Arrays of 3D and 2D as input of 3DCONV

Question

Sorry if this is a very basic question, I do not have much experience with neural networks and that is why I am asking this question. I have a voxel grid of size (10,10,10) that describes with 0,1,2 the space of a bin. Besides I have 4 arrays with size (10,10) that are: the height map of the bin, and the dimensions length, width and height of a box.

By suggestion of an article about the bin packing problem I want to apply the 3DConv network that has as input the voxel grid and the height map arrays and the box dimensions arrays.

The article I read does not specify the number of channels. I define 14 channels which are the voxel grid height (10), height map(1), length(1), width(1), height(1). For this I divided the voxel grid by its height and modified the size of the height map arrays and the dimensions of the box. This is part of the code of the gymnasium that does what I described:

def current_observation(self):
    npl, npw, nph = self.matrix_dimension_box()
    
    npl = npl.reshape(1,self.bin_size[0],self.bin_size[1],1)
    npw = npw.reshape(1,self.bin_size[0], self.bin_size[1], 1)
    nph = nph.reshape(1,self.bin_size[0],self.bin_size[1],1)
    hm = self.state_layer.reshape(1,self.bin_size[0],self.bin_size[1],1)
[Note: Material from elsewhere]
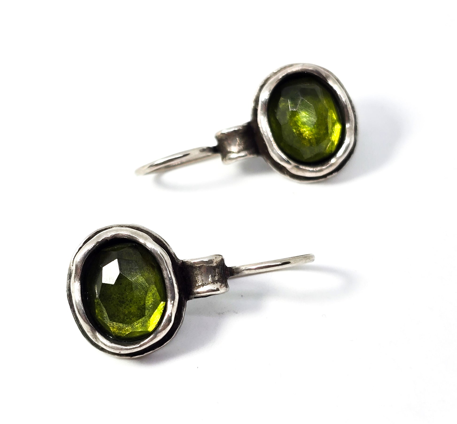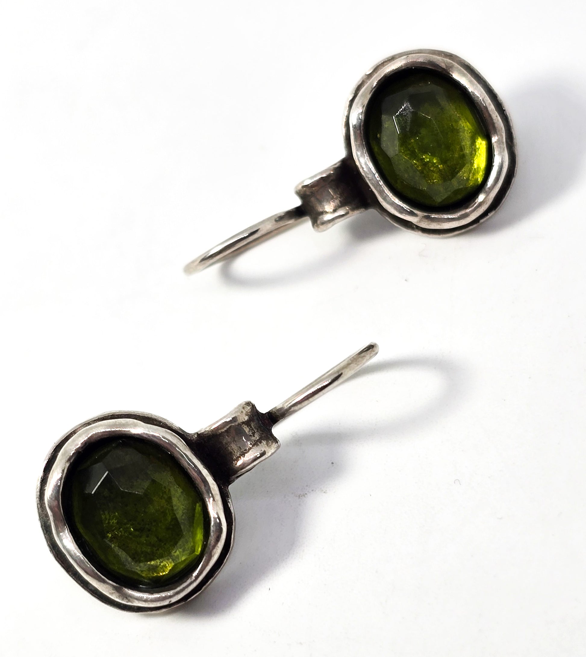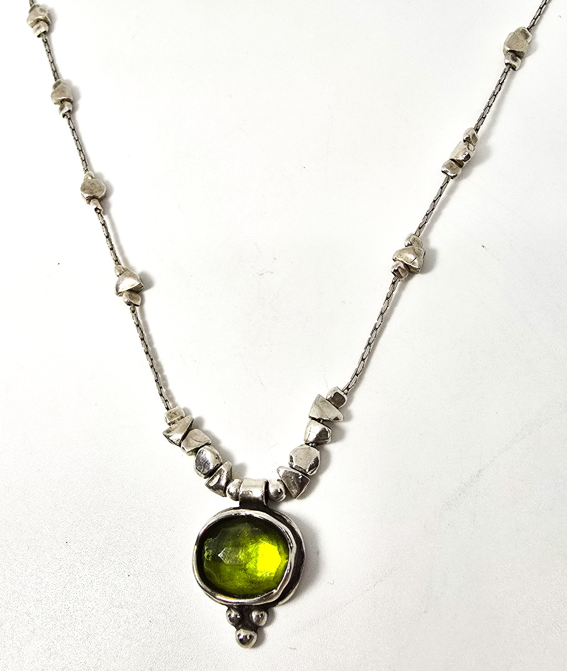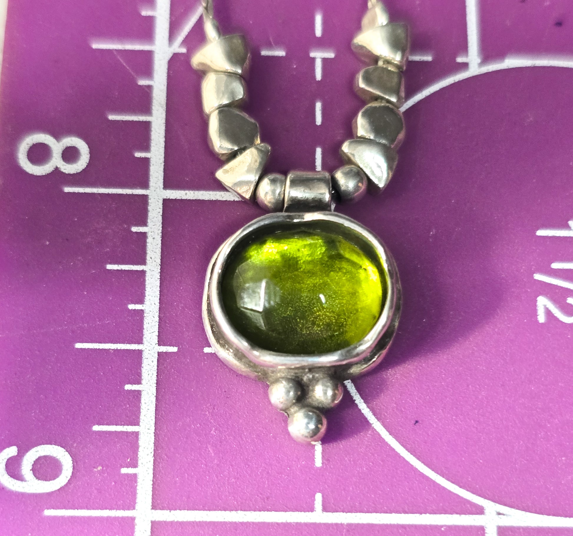 Silpada Green Hammered Sterling Silver Earrings and necklace set. Good used condition with small signs of normal wear. Great patina present. Set comes with matching necklace and earrings. Earrings are stamped 925 with the Silpada hallmark. Necklace has same stamps behind the pendant. Faceted green stones are glass with a beautiful peridot color.

    vg = np.split(self.state_voxel_grid.reshape(self.bin_size[2],self.bin_size[0],self.bin_size[1],1),self.bin_size[2],axis=0)

    return np.reshape(np.stack((*vg,hm,npl,npw,nph)),newshape=(-1))

Then in my neural network I reshaped the array to this shape and from there fed my 3DConv network.

x = x.reshape((-1,channel, container_size[0], container_size[1],1))

In total I am using 14 channels. Please could you tell me if what I did is correct? or how should I modify and concatenate these arrays in the 3DConv?

Arrays of 3D and 2D as input of 3DCONV

0 Answers0